研究概要 |
Preparation, data processing and basic analysis of the data went as planned. The number of messages for the corpus was reduced to 434 items. After grammatical tokenization, the total number of "words" in the corpus was 83,379, consisting of 5,771 word types. After a few basic quantitative aspects (message length, frequent vocabulary items and collocations, sender and title names, etc.) had been examined, I proceeded to a more detailed look at single messages with respect to the dealing with taboo expressions and the portrayal of female sexuality. It was already possible to publish a paper on this analysis in a peer-reviewed journal (cf. below).
今後の研究の推進方策 |
This second phases of the project will be mainly dedicated to a more in-depth analysis of the data plus triangulation.

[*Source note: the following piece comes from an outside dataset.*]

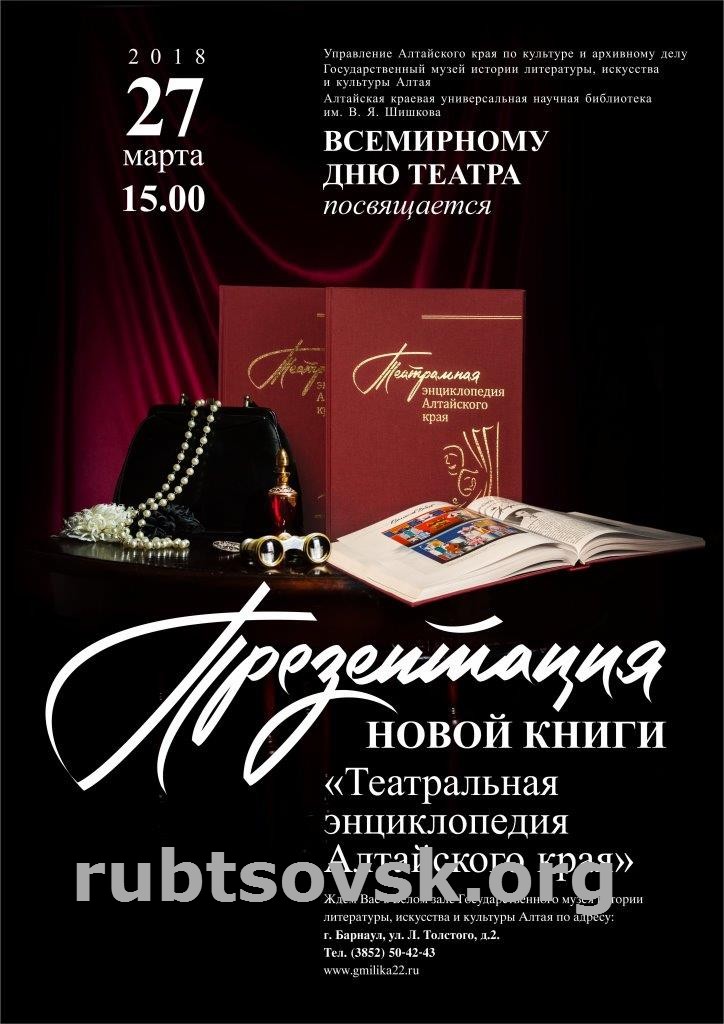 Часть материалов посвящена развитию театрального искусства в городе Рубцовске. Среди авторов многочисленных статей данной тематики необходимо выделить материалы главного специалиста по научной деятельности Краеведческого музея Марины Анатольевны Кагикиной.

Based on feedback I received when first presenting the data to a scientific audience in December last year (cf. below), I'm planning to add a separate empirical dimension by collecting recipients' evaluations on a given number of specific spam messages from the corpus. To be more specific, I'm intending to show these messages to between 50 and 100 undergraduate students and ask them to rate (1) the overall credibility of the contents of a message, (2) the naturalness of the language, and (3) the likeliness of a recipient's reaction. Of further interest will be if there are any recognizable differences in evaluations with regard to the gender of the participating students.